The cabinet consists of the prime minister and at least nine members who all hold seats in parliament. The cabinet is appointed by the governor-general on the advice of the prime minister. The prime minister is appointed by the governor-general, and is usually the leader of the majority party or coalition in the House of Assembly.
The Bahamas has a bicameral legislature. The Senate has 16 members. Nine are appointed on the advice of the prime minister, four by the opposition and three after joint discussions. The House of Assembly has around 40 elected members who are directly elected by district for a term of five years.
There is universal adult suffrage and an electoral commission reviews constituency boundaries every five years.
The constitution allows for three distinct types of legislation: the ‘specially entrenched’ provisions relating to parliament itself and the judicial system require a three-quarters majority in both houses and a popular referendum; ‘entrenched’ provisions require a two-thirds majority in both houses; and other legislation requires a simple majority vote.

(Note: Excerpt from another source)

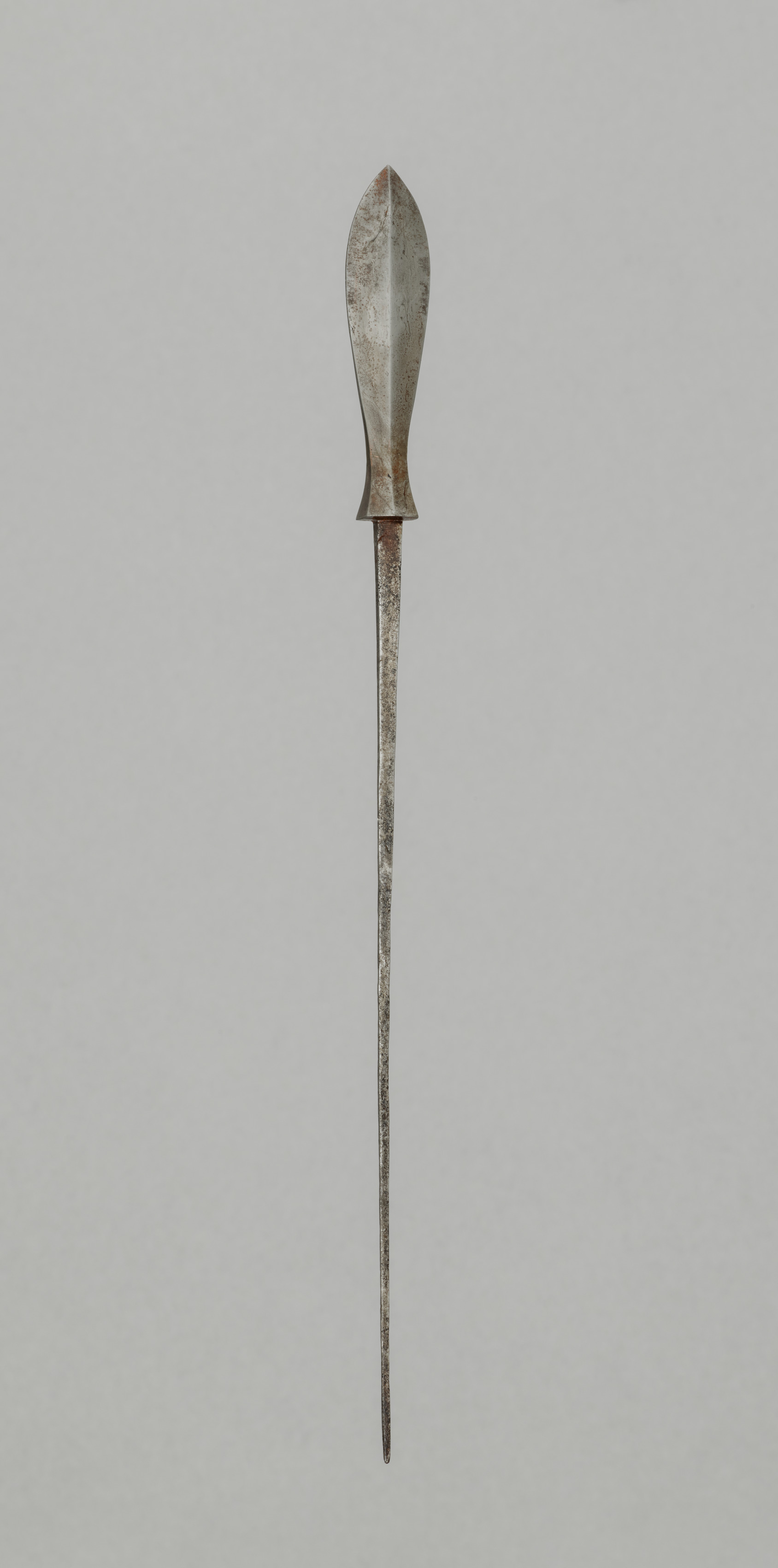 The image depicts a long, thin object with a pointed tip, titled "Arrow Point" by an unnamed artist. The object has a metallic appearance with a silver-gray color and visible signs of rust or corrosion. The top part of the object is shaped like a leaf or a spearhead, with a narrow neck connecting it to the long, thin shaft. The shaft is straight and tapers to a point at the bottom. The object is centered in the image against a plain gray background. The image is likely a photograph of an archaeological or historical artifact.
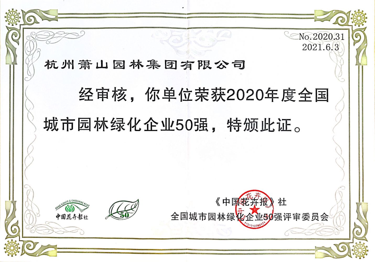 2020年度全國城市園林綠化企業(yè)50強(qiáng)

The Bahamas Court of Appeal, the Supreme Court and the magistrates’ court all have civil and criminal jurisdiction. The Supreme Court is staffed by a chief justice and eight justices and sits in Nassau on New Providence island and Freeport on Grand Bahama.
The magistrates’ courts are presided over by magistrates in New Providence and Grand Bahama, and by the island administrators in the Family Islands. Since 2006 when the coroners’ court was closed, the magistrates are empowered to hear inquests.
The Privy Council in the UK is the final court of appeal.
The Bahamas is a chain of about 700 islands in the North Atlantic Ocean, on the edge of the so-called Bermuda Triangle.
When in 1492 Christopher Columbus made his first landing in the New World in The Bahamas, the people who met him were Arawaks. Within some 20 years, the Spaniards had enslaved or transported the Arawaks; some 40,000 were transported to Hispaniola.
British settlement of the islands began in the mid-17th-century; the first British settlers were refugees from religious persecution under Charles I. The islands became a British colony in 1783.
In 1953, the Progressive Liberal Party (PLP) was founded to represent black interests in a system till then dominated by whites. After the 1967 election the PLP, with the support of the Labour Party, formed a government. They thus forced the United Bahamian Party (the so-called ‘Bay Street Boys’) into opposition for the first time in the assembly’s history. The PLP went on to win the next two general elections outright, and PLP leader Lynden Pindling led The Bahamas to independence until a new constitution in 1973.
Pindling and the PLP continued in power until 1992, when they were ousted by the Free National Movement (FNM), led by Hubert Ingraham, a former PLP minister.
In 2002, under the leadership of Perry Christie, the PLP won a landslide victory. Three years after stepping down as leader of the FNM, Hubert Ingraham returned to head the party in November 2005, subsequently leading it to victory in the general elections of 2007.